グルキン氷河へ
2009年3月15日
アッパーフンザには、パスー氷河のほかに、村の近くまで迫っている氷河がいくつもあります。グルキン村も、人びとが生活する村の小高い山の裏側に氷河が迫っていました。氷河のある山のふもとには、人びとの住居や家畜小屋のリーズが並んでいました。
氷河のある山へは、まず、リーズの間の細い道を登っていきます(写真②、③)。
リーズの道が途切れると、目の前に岩山が迫っていました。ガイドさんの後について慎重に上っていきます。グルキン村がどんどん小さくなっていきました(写真④)。ガイドはメルバーンさんを含めた3人。写真⑤は、グルキン村を見下ろしながらの小休止です。
再び、急こう配の岩山を登り始めました。岩の間に、ラベンダーなどの花が可憐に咲いています。
登るにつれて、私は頭痛と吐き気に襲われました。高山病??「私はここで待っています・・・」と座り込み、他の人たちを見送りました。
後で気づいたのですが、私が座り込んだ場所は、山の頂上で、グルキン氷河は、そこからほんの少し下ったところにのびていたのでした。写真⑦は、氷河の所から私のいるところを写したものです。写真中央の茶に灰色の大きな岩の左に、黒い点のように見えるのが私です。⑧は拡大したものです。
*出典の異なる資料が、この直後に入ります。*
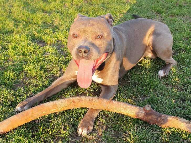 Usko est un Amstaff robuste, descendant d’une belle lignée. Il est adorable au quotidien et très dynamique. C'est une boule d'amour qui aime se dépenser. Il est habitué aux enfants et aux chats. Il est sociable...

白い氷の塊のある風景を想像していましたが、ここの氷河は、ほこりなどが堆積した黒く盛り上がった岩のような氷河だったそうです(写真⑨)。
もう少しで、グルキン氷河を自分の目で見ることができたのに残念でしたが、嬉しいこともありました。メルバーンさんが、氷河の氷にラベンダーの花を巻いて持ってきてくれたのでした。